Samin Nosrat, Salt, Fat, Acid, Heat: Mastering the Elements of Good Cooking

I learned so much from Samin how to use acid to brighten and balance flavours that are part of that spider web. Vinegar is the easiest acid for cooking as it is a store cupboard ingredient. Much as we’d like to the have them always around, the perfect lemon may have been used yesterday in that lovely gin and tonic. You can also create you own flavoured vinegars to dress foods and use in marinades. I use it lots when dressing roasted veg that are just that little bit too sweet or for making kale salad or making. The possibilities are endless.

Recipe Time

The recipe I’m going to bring to you is perfect with so many things, looks gorgeous and is extremely simple. I can’t remember where I learned the technique (almost certainly a book but might not have been). I bring you perfect instant pink pickled onions (well nearly instant, under 1 hour is pretty good for pickles)

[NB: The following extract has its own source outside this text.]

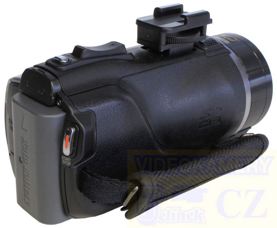 JVC GZ-HM400 v detailu shora (Kliknutí zvětší)JVC GZ-HM400 s redukcí botičky (Kliknutí zvětší)Možné doplňky k HM400. Protože novinka má volitelně připevnitelnou botičku příslušenství a nechybí jí ani mikrofonní zdířka, může si náročnější audio-fanda vybírat mezi výrobky např. australské firmy RØDE nebo ještě letitější značky Sennheiser. Eventuální volba originálního mikrofonu bude asi pouze o typu MZ-V8, který bude nejspíš drahý a hlavně nevyhlíží podle informací na čs. webu nijak zázračně. Doporučení výše zmíněných značek - první mimo jiné v mono- i stereo- provedení - bude jistě bez rizika. Případné světlo lze připevnit stejným systémem do botky, kdo by nutně potřeboval rozdvojku, a počká na další perlu z už úspěšně rozjeté malosériové výroby doplňků naší firmou (produktový letáček redukcí). Dalšími z věcí pro fanoušky úplného kameramanství mohou být některý z velikostních druhů stativů, což je vzhledem ke zmíněné absenci hledáčku rozhodně podporou stability záznamů praktické ažaž. Bytelnou brašnu, stejně jako eventuální filtry nebo předsádky, ani nebudu zvl᚝ rozebírat, protože si o nich prakticky každý fanda oboru najde sám, co potřebuje…

Instant Pink Pickled Onions

Servings

4

servings
Prep time

30

minutes
Cooking time

40

minutes

Amazing with pretty much anything but particularly great with falafel and halloumi wraps, tacos or lamb kebabs.

Ingredients

  • 1 biggish Red Onion

  • Enough vinegar to cover in a jar

Directions

  • Firstly take biggish red onion and slice it finely, separate it all out and add it to a colander or sieve that can handle boiling water.
  • Then boil a kettle, whilst its pouring dig out a jar with a non reactive lid that looks like it could hold all the onion.
  • When you have boiling water, hold the sieve/colander over the sink and pour over the onions, keep going until all the water is gone, allow water to drain off, then squish the onions into the jar, carefully as they’ll be very hot.
  • Then top up with white, white-wine or cider vinegar and pop on the lid and allow to cool. They will be a gorgeous bright pink and just crunchy enough without any rawness.